With the growing acceptance of Twitter into main stream use, the use of services to shorten lengthy URLs is growing. There are many of these free services out there on the web. Popular ones include:
The question becomes how do these services affect your web analytic reports? So let's start with the basics.
First off, if someone is using a twitter application (for example Tweetdeck) any one clicking on a full and proper link it would appear as direct traffic. The only way to properly identify this users is to use your web analytics campaign tracking feature.
If someone were to click on a shorten URL on a web page, how the referrer is handled would vary by the both the shortening service (most service do however work the same way) and your web analytics software.
For example using tinyurl and generating a link to my company web site www.knechtology.com the shorten URL would appear as: http://tinyurl.com/dfjood and would generate the following sequence of hits.

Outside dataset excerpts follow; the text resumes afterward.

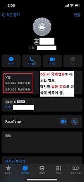 아이폰은 발신자 이름만 확인되어, 번호가 어떻게 오든 받아봐야 아는 것이죠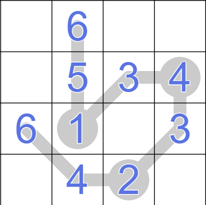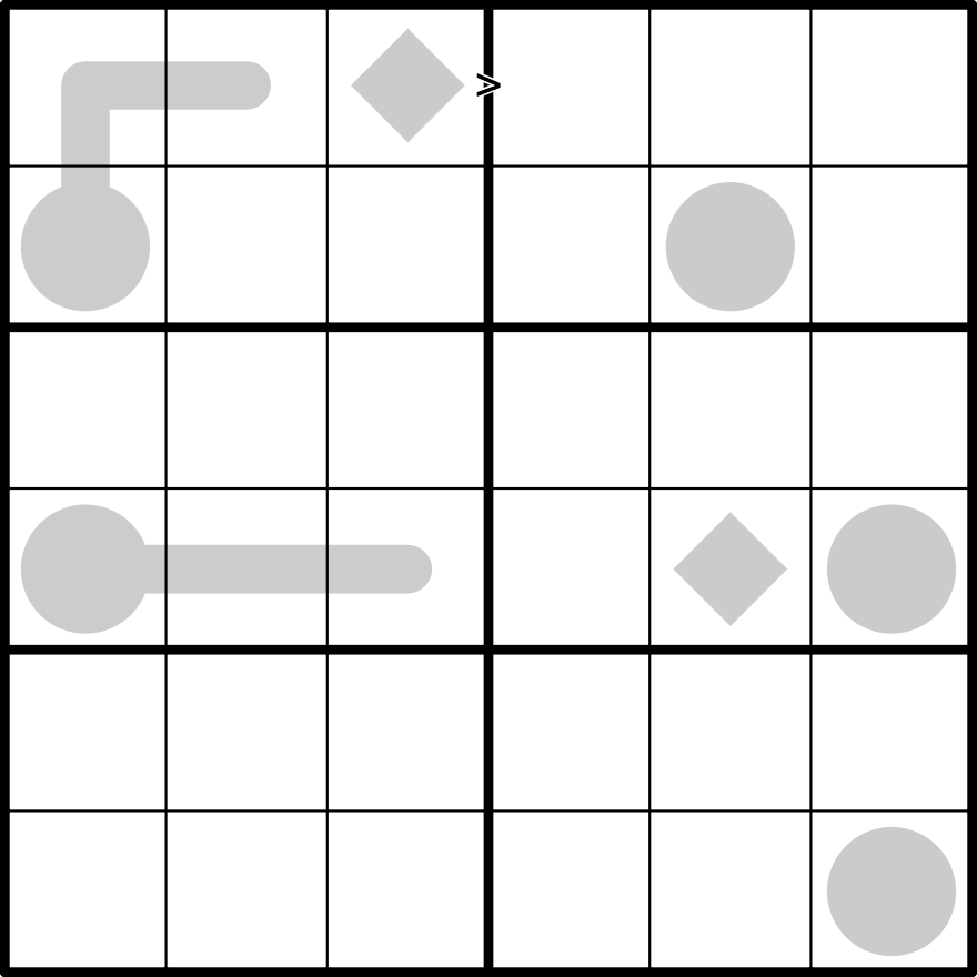The thermometer chain may not pass through a cell with a diamond, and the inequality sign points to the smaller digit it sits between.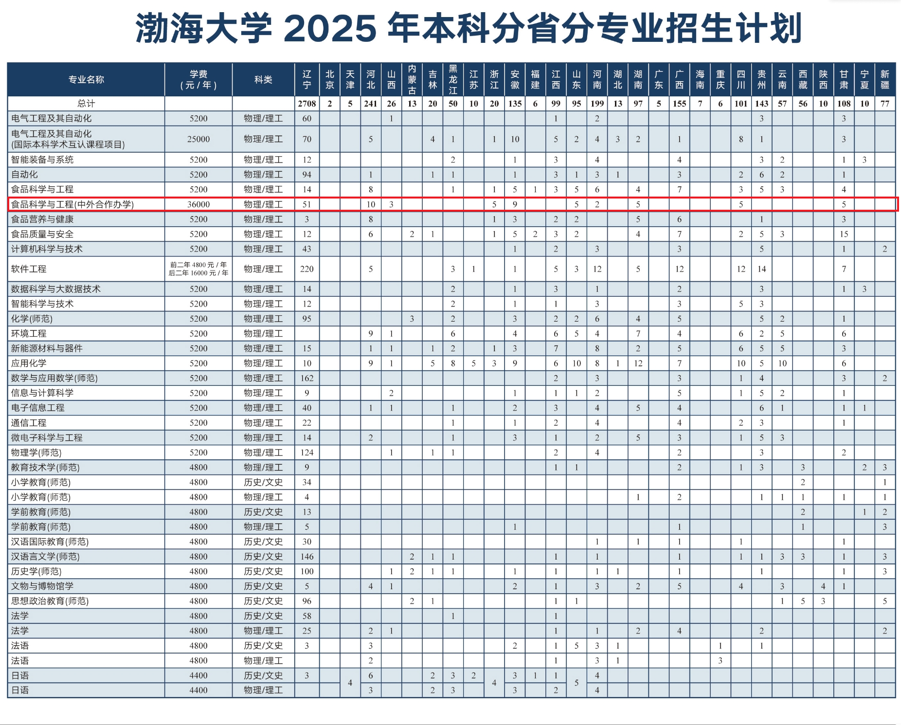 2025渤海大学中外合作办学招生计划及各专业招生人数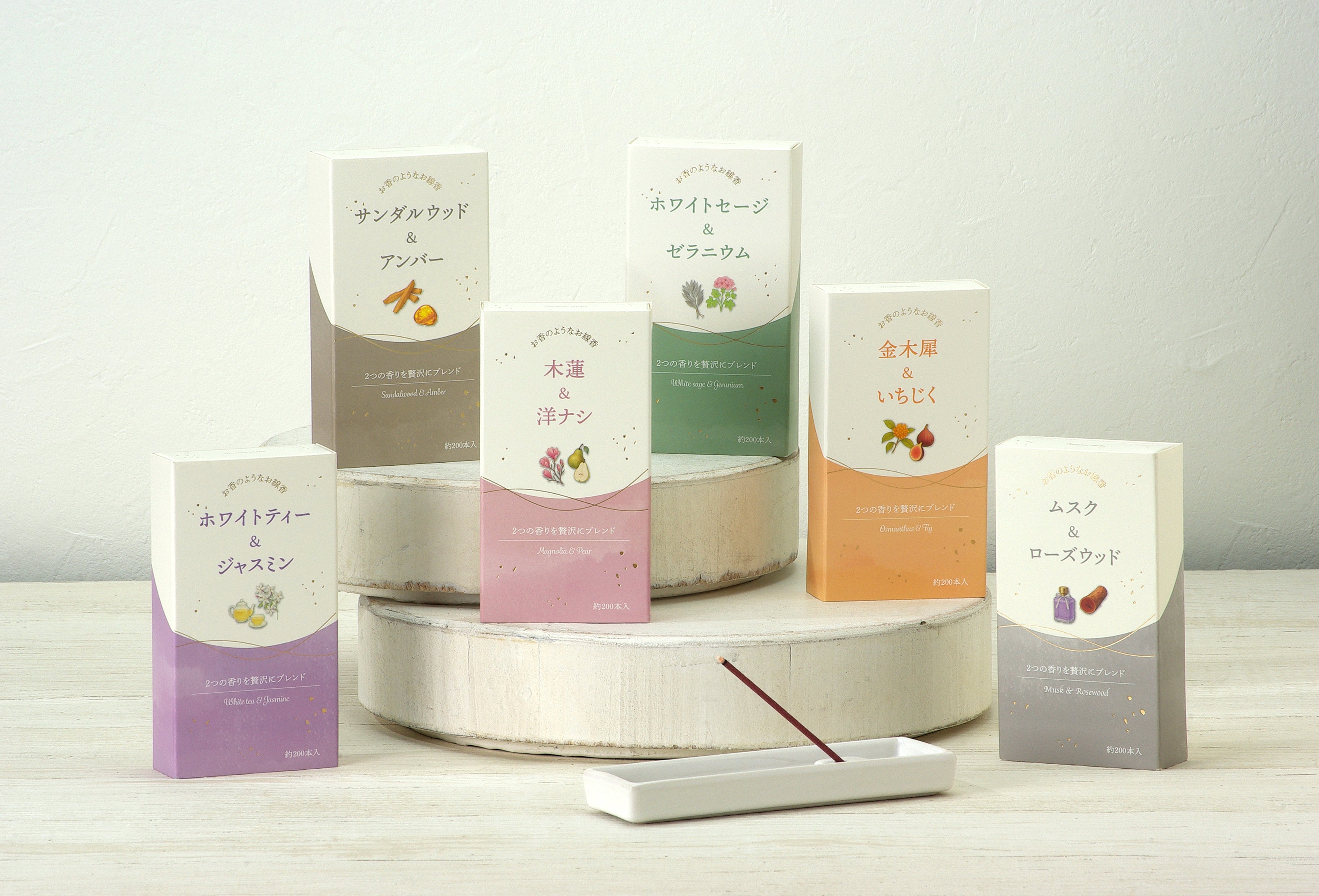 お香のようなお線香シリーズは、パッケージをより分かりやすくするためにデザインをリニューアルしました。どんな香りなのかを想起させる香りのイラストを正面に配置。香り名も大きく表記しました。

GET 301 Redirect to http://www.knechtology.com/ http://tinyurl.com/dfjood
GET 200 text/html; charset=ISO-8859-1 http://www.knechtology.com/
The first hit might appear in tinyurl's web log files or possibly not depending on how they handle the 301 redirect. Regardless, there is nothing recorded in my web site's log files until the second hit.
Now the big question is: will this hit appear with the referrer of tinyurl.com or not. For that you need to check your log files. In my experience at best this will appear as a referrer from the shortening service. That's why if I'm posting a link in Twitter back to my web site, I alway like to add a campaign id to the URL.
I personally don't care which Tweet generated the traffic so here at K'nechtology have set up a standard one. If you want to distinguish your Tweets, you'll need to generate unique campaign IDs for each post.
2 comments:
Hmmm. My experience is that the original site, not the shortening site, shows as the referrer. I checked a number of links from different shortening sites just the other night, using Fiddler to see what referrer was in the hit to the destination URL. Maybe using Fiddler wasn't the right way to do it...
cg,
You are correct in most cases the use of a 301 redirect executed by the mini-url services should leave the original referrer intact.
This assumes that the min-url services are indeed correctly using 301s a. I've not tested them all, so I couldn't make that statement.
Using debugging products like Fiddler, generally will correctly show you the correct page details. Now the question is are the log files that your web analytics tool using capturing it correctly.